Some might argue that leadership and management are generic topics and that managing a university is the same as managing a business. This is a fallacious argument. Universities have their own cultures, practices, and organization arrangements. These differ significantly from companies and even government bureaucracies. Their operational objectives are much more difficult to measure or quantify, and the “outcomes” are even tougher to discern. The university is a collegial institution where the professoriate has traditionally had considerable input into the governance and management of their institution. University leaders and managers tend to come from the scholarly ranks of the academic profession. Universities are for the most part not-for-profit institutions.

It is certainly the case that universities are large complex organizations and that managing them requires specialized knowledge and skill. Contemporary business models may be useful in managing academic institutions to a point. Those responsible for university management and leadership would benefit from understanding how complex organizations work and from acquiring skills in finance and accounting, but the fact remains that academic institutions are in many ways unique.

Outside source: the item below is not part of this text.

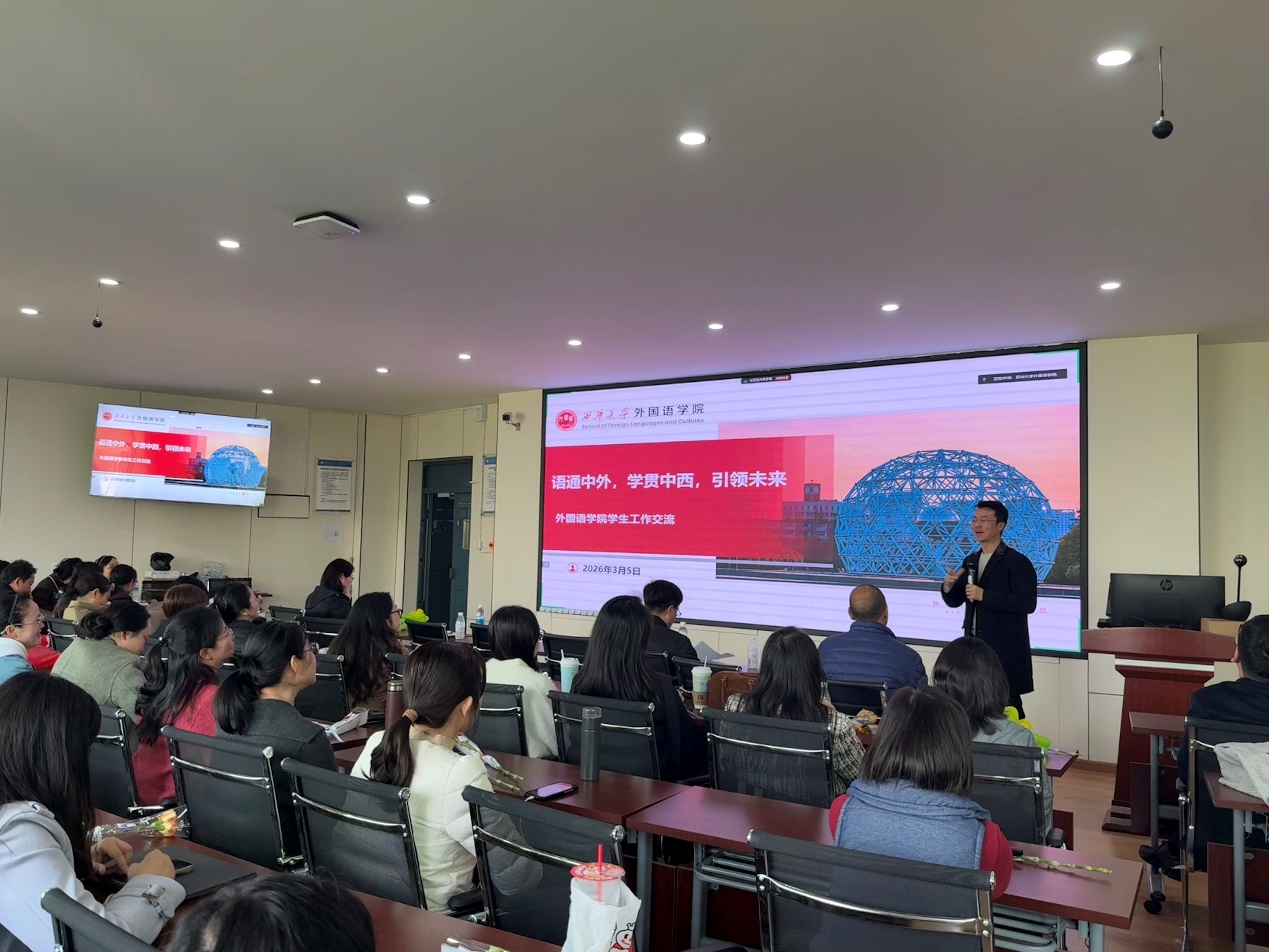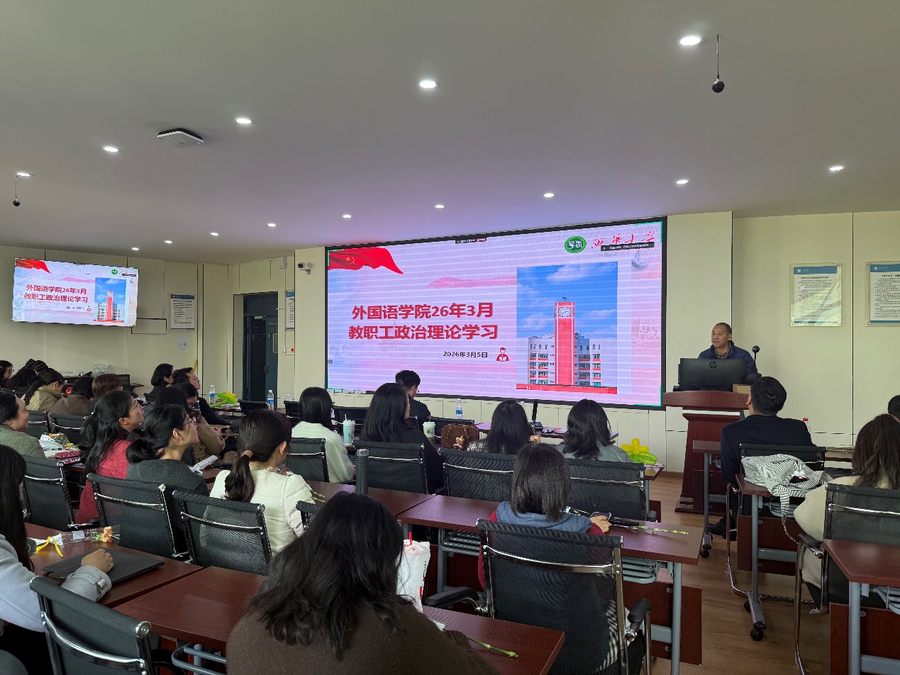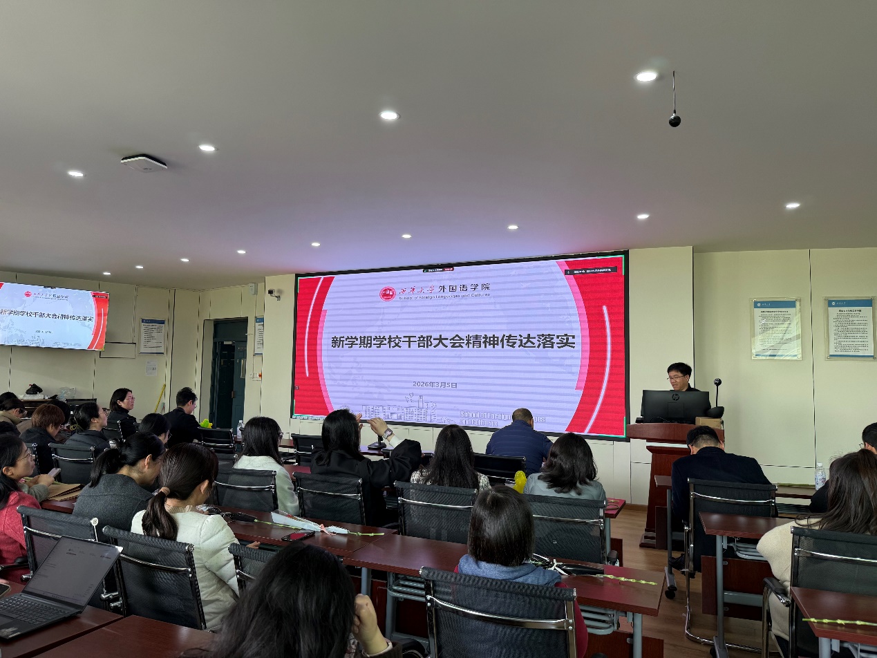 为全面贯彻落实学校新学期工作部署,明确学院发展目标与工作重点,凝聚全院教职工干事创业合力,2026年3月5日,外国语学院新学期第一次全院教职工大会在郫都校区、宜宾校区同步召开。学院全体教职工参会,会议由学院党委书记张彦主持。
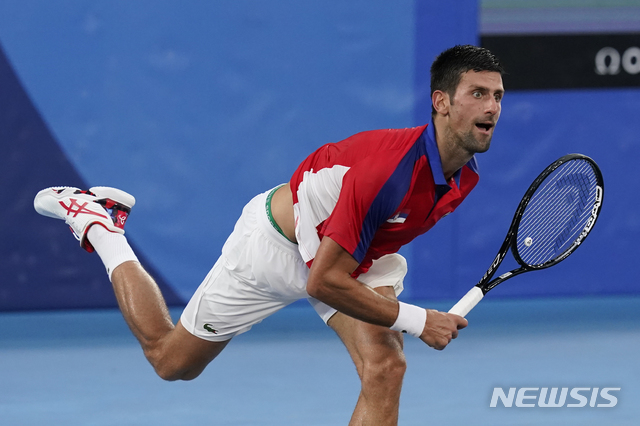 [도쿄=AP/뉴시스] 노바크 조코비치(1위·세르비아)가 30일 일본 도쿄의 아리아케 테니스파크에서 열린 도쿄올림픽 테니스 남자 단식 4강전에서 알렉산더 츠베레프(5위·독일)와 경기하고 있다. 조코비치는 츠베레프에게 세트 스코어 1-2(6-1 3-6 1-6)로 지면서 '골든 슬램' 도전이 무산됐다. 2021.07.31.

American university management has been professionalized for a long time. Higher education programs at the masters and doctoral levels exist at perhaps 100 American universities, and a large number of middle-level administrators and even some senior leaders hold degrees in higher education administration. Typically, these programs combine courses that address the specific realities of academic institutions along with study of management issues. Most are housed in schools of education and a few have links with business or management schools. These programs are able to link expertise on administration, management, and leadership to the specific realities of higher education.

Top academic leaders still come from the ranks of professors, and this is likely to continue to be the case. Indeed, as Amanda Goodall has pointed out in her book, Socrates in the Boardroom: Why Research Universities Should be Led by Top Scholars (Princeton, 2009), the best academic leadership comes from people who understand universities and have been successful academics. University vice chancellors, rectors, and presidents could certainly benefit from some professional management training. Some countries and institutions offer short seminars for incoming top academic leadership—focusing in most cases on the nuances of the modern university rather than the techniques of management. Such programs are seldom conducted by management schools.

If Indian academic leaders are to be encouraged to develop broader perspective on university management and leadership skills, it should probably not be done exclusively by institutions without expertise in higher education. One of the problems of higher education these days is that individuals often think they are experts on universities if they have attended one—this is certainly not the case. Universities are complex and unique organizations. University leaders must understand and respect this if they are to be successful. Efforts to educate academic leaders and university administrators about their jobs must take into account the nuances and values of academic life and institutions. Exposure to business practices is not enough and may even subvert academic goals and success.